▶ _MATERIAL SUPPLIED_
-- -- --

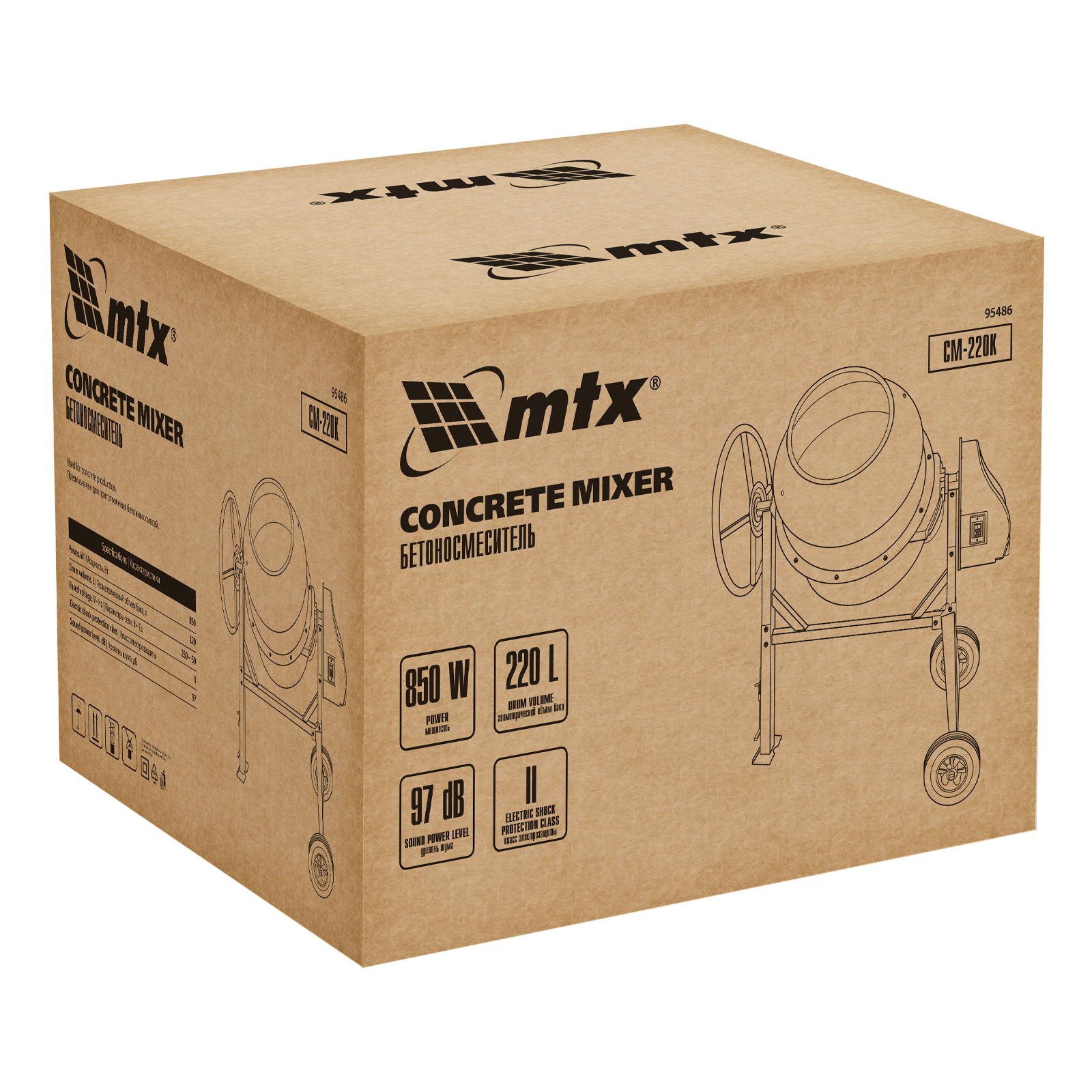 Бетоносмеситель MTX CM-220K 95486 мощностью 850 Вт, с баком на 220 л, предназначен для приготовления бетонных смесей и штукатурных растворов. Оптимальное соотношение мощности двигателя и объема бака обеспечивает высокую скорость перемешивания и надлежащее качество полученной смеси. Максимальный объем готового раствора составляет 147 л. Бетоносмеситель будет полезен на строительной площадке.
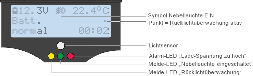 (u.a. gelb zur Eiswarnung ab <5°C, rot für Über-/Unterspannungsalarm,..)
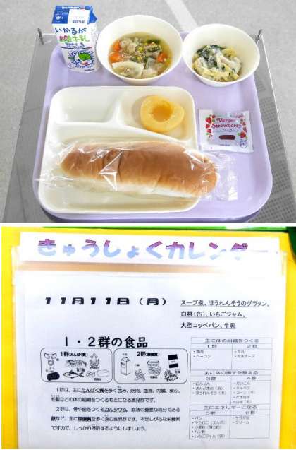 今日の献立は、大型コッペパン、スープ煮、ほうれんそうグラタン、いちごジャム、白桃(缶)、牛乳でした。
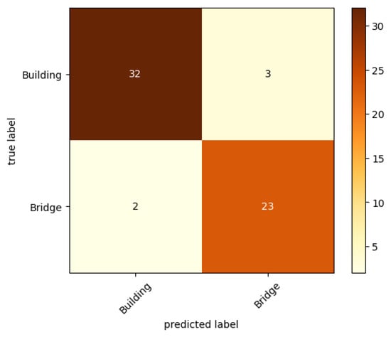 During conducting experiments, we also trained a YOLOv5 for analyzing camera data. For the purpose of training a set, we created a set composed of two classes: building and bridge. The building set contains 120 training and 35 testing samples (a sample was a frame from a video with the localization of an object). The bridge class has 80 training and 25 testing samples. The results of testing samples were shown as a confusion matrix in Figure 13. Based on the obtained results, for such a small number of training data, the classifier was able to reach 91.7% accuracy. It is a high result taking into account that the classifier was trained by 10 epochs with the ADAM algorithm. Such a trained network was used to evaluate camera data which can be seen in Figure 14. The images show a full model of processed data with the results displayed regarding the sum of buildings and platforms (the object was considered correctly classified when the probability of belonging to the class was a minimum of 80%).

-- -- --

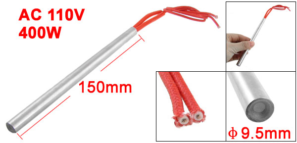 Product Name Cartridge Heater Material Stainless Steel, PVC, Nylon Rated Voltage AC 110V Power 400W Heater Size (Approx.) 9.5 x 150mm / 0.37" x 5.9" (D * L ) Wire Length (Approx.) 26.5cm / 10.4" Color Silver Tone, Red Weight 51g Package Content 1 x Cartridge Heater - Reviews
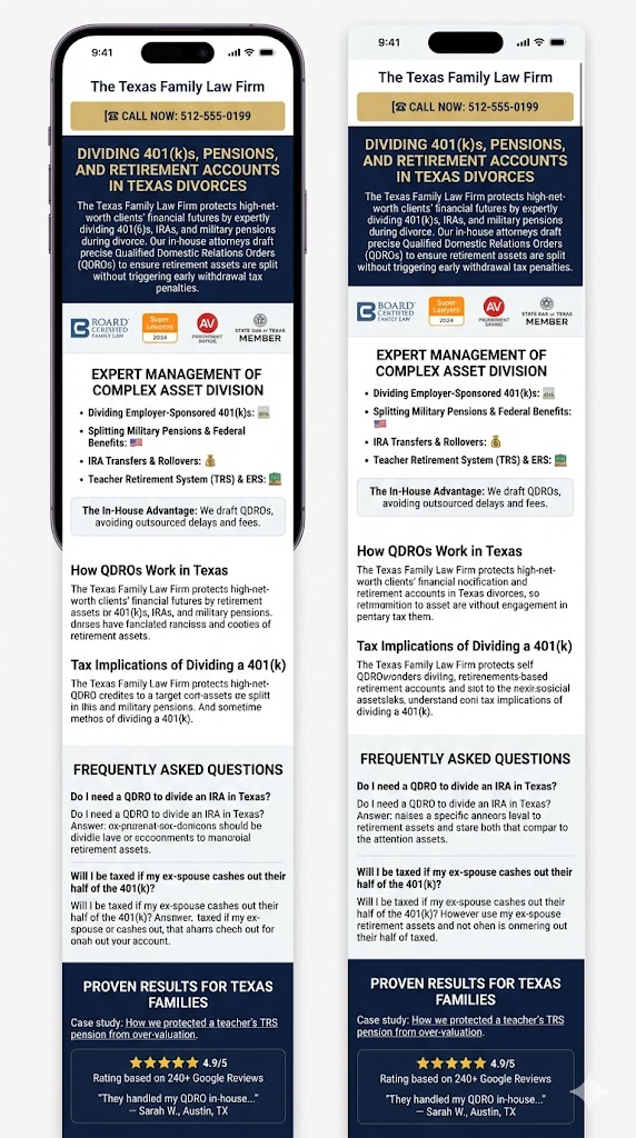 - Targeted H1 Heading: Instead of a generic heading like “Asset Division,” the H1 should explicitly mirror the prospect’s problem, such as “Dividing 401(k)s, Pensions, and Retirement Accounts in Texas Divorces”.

-- -- --

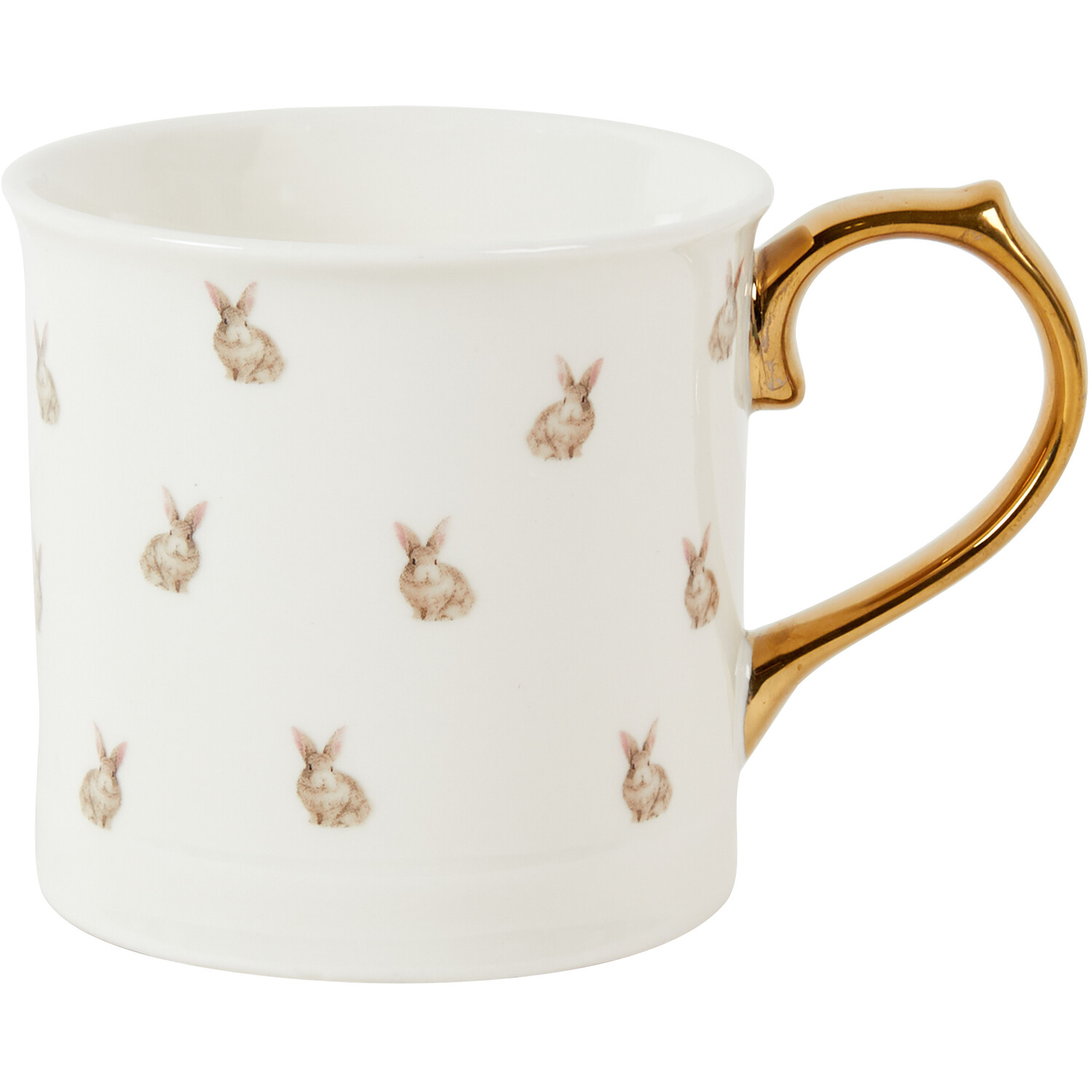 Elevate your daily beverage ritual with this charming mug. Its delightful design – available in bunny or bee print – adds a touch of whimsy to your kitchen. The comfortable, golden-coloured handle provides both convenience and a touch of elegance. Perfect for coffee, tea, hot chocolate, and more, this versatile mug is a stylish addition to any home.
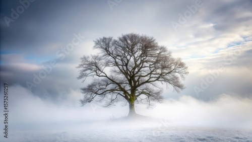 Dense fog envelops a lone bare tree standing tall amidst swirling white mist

-- -- --

Find the line with "Product Name Cartridge" and the line with "- Targeted H1" in the records above. Copy both and all lines between them exactly, without pictures.

▶ _RESPONSE TO THIS TASK_
 Product Name Cartridge Heater Material Stainless Steel, PVC, Nylon Rated Voltage AC 110V Power 400W Heater Size (Approx.) 9.5 x 150mm / 0.37" x 5.9" (D * L ) Wire Length (Approx.) 26.5cm / 10.4" Color Silver Tone, Red Weight 51g Package Content 1 x Cartridge Heater - Reviews
 - Targeted H1 Heading: Instead of a generic heading like “Asset Division,” the H1 should explicitly mirror the prospect’s problem, such as “Dividing 401(k)s, Pensions, and Retirement Accounts in Texas Divorces”.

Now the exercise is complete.